David (Wood) recently mentioned "Neat vs Scruffy" which was a great 
point, and Kingsley has long since encouraged us to embrace the 
diversity of the web and look to translate from one format to another, 
and as Tim says, the web is an open platform that anybody can build on 
top of, thus we have an architecture that encourages diversity and 
innovation - it appears again to me that with schema.org and microdata 
we're being pointed in the direction people want to go, this raises many 
(potentially easy to address) questions, as I've listed above.
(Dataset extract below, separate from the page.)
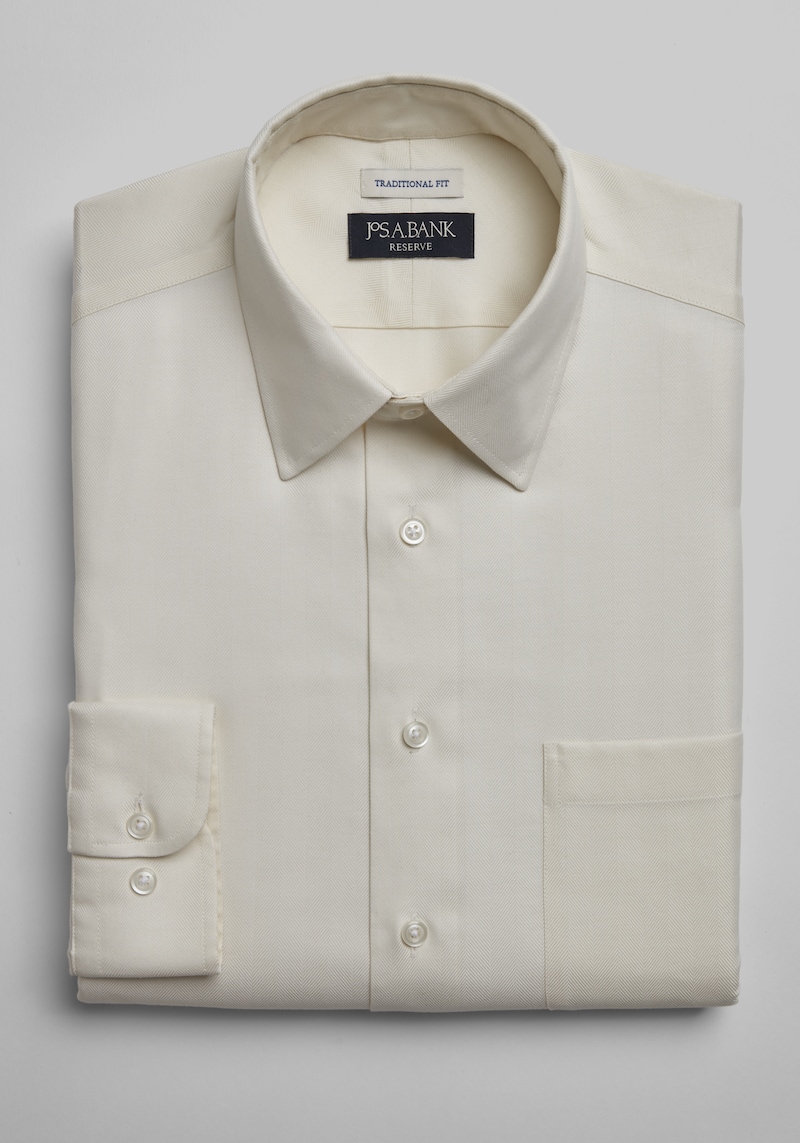 Buy Men's Big & Tall Reserve Collection Traditional Fit Herringbone Dress Shirt at Jos. A. Bank,Ecru/White, X 34/35 for $70.00 at @ Josbank.com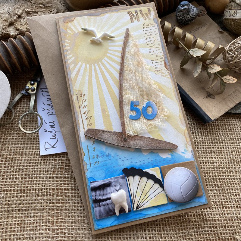 Přání k 50. narozeninám. Téma windsurfing, zubařka, padák a volejbal.

Yes we 
can look to push RDF more, and convert microdata to rdf, try and get RDF 
and OWL up there to understand schema.org - no harm in that - but as 
I've mentioned before, some form of (simple) universal data could easily 
be designed on the back of this, and rdf, to offer something practical 
to the web masses that anybody can use, build on top of, and save lots 
of work around the globe.

Quite some time ago the RDFa/Microdata thing was noted, and it was clear 
then that the two needed merged before too much weight went behind 
microdata and legacy issues meant it was hard to change, that time is 
past now, I'm aware that some efforts may happen in this department, but 
really I'd be looking to see what lessons can be learned for RDF here, 
before the same thing happens there two, as there's been a huge 
investment in the sem web stack, and a large corporate trio could easily 
rip the ground from underneath this relatively small community, may not 
happen, but there's a risk of it, and it does appear that there's a 
strong long term message of "rdf is too complicated, we like to do 
things like this [x]", the same message can be found in microdata, and 
ignoring it could be risky.

apologies for being a bit quiet of late, and for the cruffyness of this 
mail - not been too well, trying to slowly get back in to things at the 
minute - hope to be back on form soon.

best, nathan
Received on Friday, 17 June 2011 20:18:56 UTC